(MATERIALS PROVIDED begins)
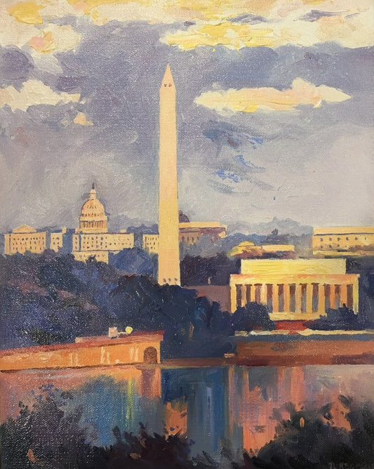 Monuments at Dusk | Washington, DC Monuments Art | Original Oil and Acrylic Painting on Canvas by Zachary Sasim | 11" by 13.5" | Commission
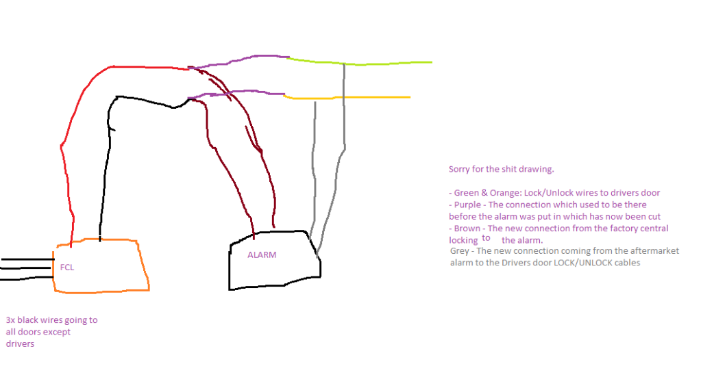 With the drawing, thats the only reason I can come up with as to why the factory central locking will only work on the 3 other doors and not the drivers. I understand they should of just tapped it, but maybe they didnt...
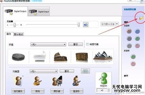 到這里就可以看到音頻管理器的設(shè)置界面了,這里因為設(shè)置的地方只是一個小圖標,沒有設(shè)置過還不容易發(fā)現(xiàn)它,找到靠右上邊的像個文件夾一樣的圖標,點擊它。
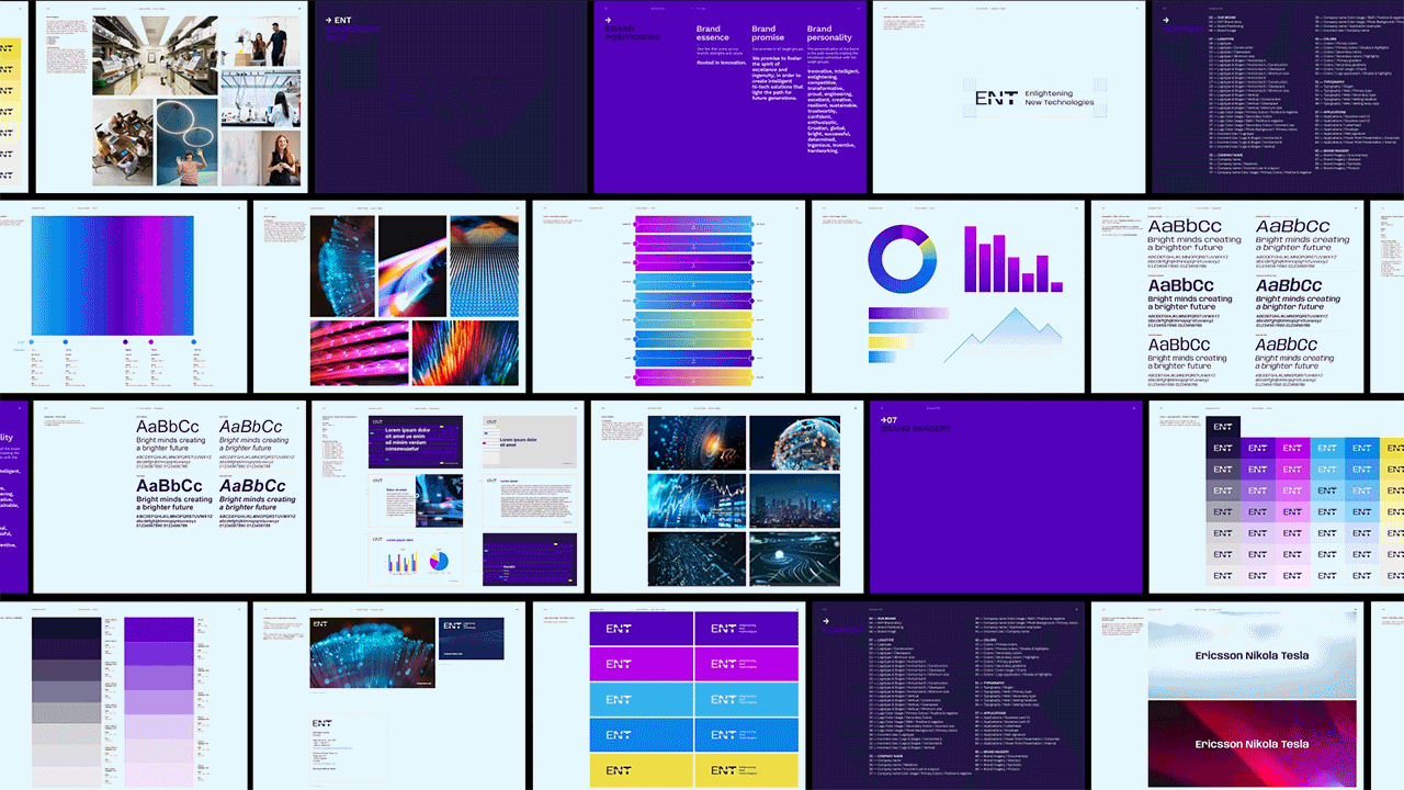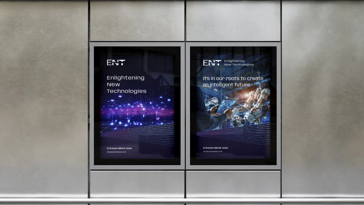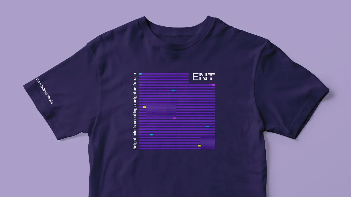 Logotip prikazuje slova ENT i zrake svjetlosti koje kroz njih prolaze. Tipografija je suvremena i snažna, upućuje na kompaniju koja stvara inovativna rješenja. Osvježeni i dinamični vizualni identitet postignut je i odabirom vibrantnih boja. Novi, moderniji vizuali sugeriraju stvaranje inteligentne budućnosti. Kreirali smo inspirativni brand video koji kroz asocijacije prikazuje važnost ENT rješenja na cjelokupno društvo i pojedinca te sound logo koji dočarava tehnološki imidž kompanije.
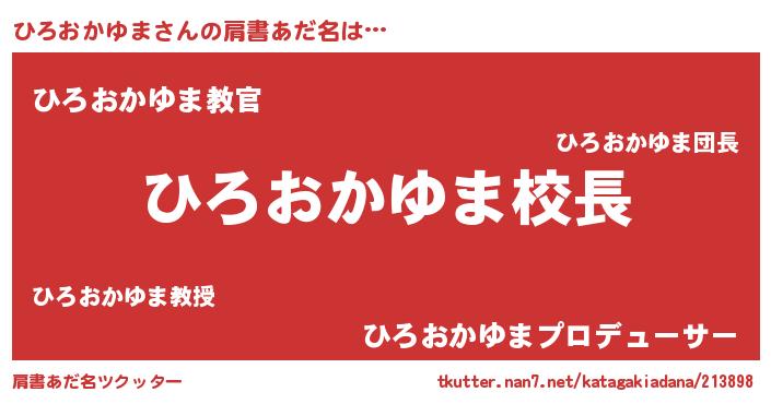 | 女子向けラノベタイトル風あだ名 | 『異世界で失敗しない100のひろおかゆま』 |
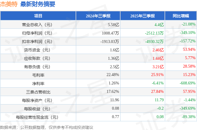 据证券之星公开数据整理,近期杰美特(300868)发布2025年三季报。截至本报告期末,公司营业总收入4.4亿元,同比下降21.08%,归母净利润-2512.13万元,同比下降349.1%。按单季度数据看,第三季度营业总收入1.49亿元,同比上升17.6%,第三季度归母净利润-1521.74万元,同比下降78.02%。本报告期杰美特三费占比上升明显,财务费用、销售费用和管理费用总和占总营收同比增幅达57.95%。
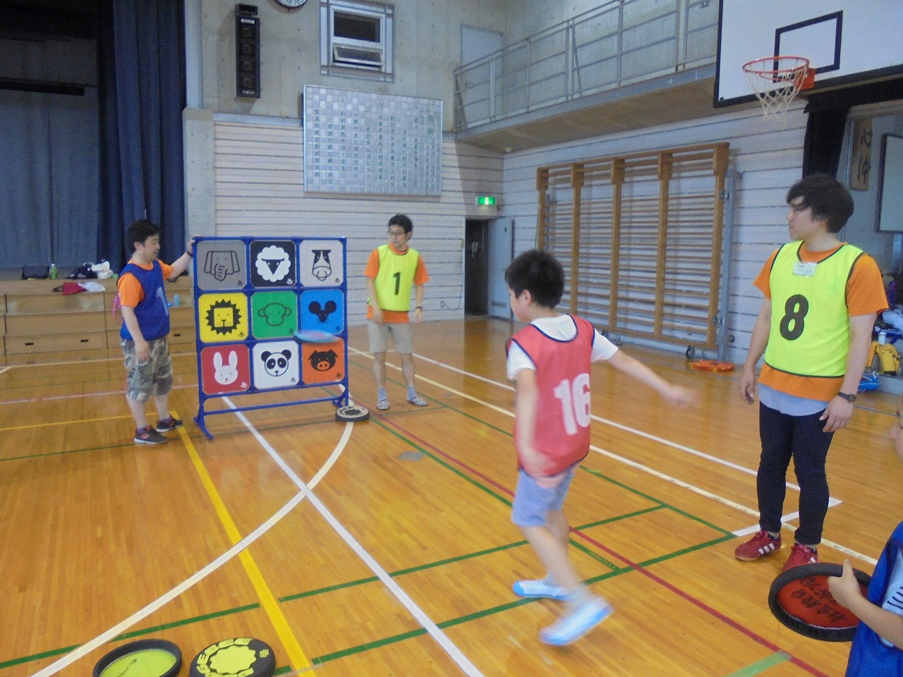 体育館でドッジビーを行いました。
(MATERIALS PROVIDED ends)
* _EXERCISE GOAL_: Line by line, reproduce the material above exactly, leaving each picture out.

* _ANSWER BOX_:
 Monuments at Dusk | Washington, DC Monuments Art | Original Oil and Acrylic Painting on Canvas by Zachary Sasim | 11" by 13.5" | Commission
 With the drawing, thats the only reason I can come up with as to why the factory central locking will only work on the 3 other doors and not the drivers. I understand they should of just tapped it, but maybe they didnt...
 到這里就可以看到音頻管理器的設(shè)置界面了,這里因為設(shè)置的地方只是一個小圖標,沒有設(shè)置過還不容易發(fā)現(xiàn)它,找到靠右上邊的像個文件夾一樣的圖標,點擊它。
 Logotip prikazuje slova ENT i zrake svjetlosti koje kroz njih prolaze. Tipografija je suvremena i snažna, upućuje na kompaniju koja stvara inovativna rješenja. Osvježeni i dinamični vizualni identitet postignut je i odabirom vibrantnih boja. Novi, moderniji vizuali sugeriraju stvaranje inteligentne budućnosti. Kreirali smo inspirativni brand video koji kroz asocijacije prikazuje važnost ENT rješenja na cjelokupno društvo i pojedinca te sound logo koji dočarava tehnološki imidž kompanije.
 | 女子向けラノベタイトル風あだ名 | 『異世界で失敗しない100のひろおかゆま』 |
 据证券之星公开数据整理,近期杰美特(300868)发布2025年三季报。截至本报告期末,公司营业总收入4.4亿元,同比下降21.08%,归母净利润-2512.13万元,同比下降349.1%。按单季度数据看,第三季度营业总收入1.49亿元,同比上升17.6%,第三季度归母净利润-1521.74万元,同比下降78.02%。本报告期杰美特三费占比上升明显,财务费用、销售费用和管理费用总和占总营收同比增幅达57.95%。
 体育館でドッジビーを行いました。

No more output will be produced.